I also know that, when BF had to go back to his country last time? It was so painful I was in tears for over a week more often than not. I tried my best to be okay over it. Yet it felt like he was going to never come back. Like it was all over. That there was no point, that this was abandonment even though I KNEW it had to happen. Even though I was pulling away emotionally because of all the pain EX was causing me, as well as all the pain knowing that this was only temporary was going to do.
Still, when I am not so low that I cannot feel much. Where I am numb, with a bit of raw pain rubbing against me. Empty... but feeling something inside that I just cannot express well.
I know I love BF. I know that I wish he could be here and never ever have to go back to where he is stuck living for now.
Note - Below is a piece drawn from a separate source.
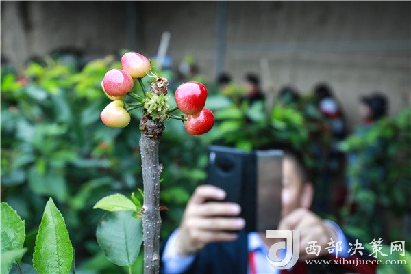 在櫻桃棚內(nèi),紅色的櫻桃一簇一簇簇?fù)碓跇渖希诰G油油的樹葉間顯得嬌艷欲滴。路寶告訴記者,子長的櫻桃可以趕在其他產(chǎn)地的櫻桃未上市前售賣,因此市場行情好,加上保存期長,適合現(xiàn)代物流的發(fā)展,從而產(chǎn)生了比較好的收益。“我們這個櫻桃可以在其他櫻桃還沒有上市的時候,借助現(xiàn)代物流賣到全國各地,甚至可以賣到櫻桃的主產(chǎn)區(qū)去。”

I know, that out of anybody I've ever met... That he handles me better than any of them. Because HE will and has taken the time to read up on my illnesses. He's trying to help me through this and trying not to take my idiocy at times personally. He's TRYING to make this process not such hell, and I'm so thankful that he is so willing.
Even though I 'know' I am not worth the time and effort.
He still wants to.
I'm still unworthy of it.
I still see ways to just die and end everyones suffering of having me in their lives. Daily. Many times.
Maybe, the hospital would be a good idea.
But, I know my ex-husband will try to put me through another custody battle. Likely win, and I'll just want to die even more.
So, I can't do that. Despite knowing it'd likely be extremely helpful to get some constant treatment, in a safe setting, with people who care.. Or at least are paid to care.
Oh god, there's the tears. The ones I've held in all weekend.
It hurts, it hurts so much.. I .. don't... want it to hurt so much anymore.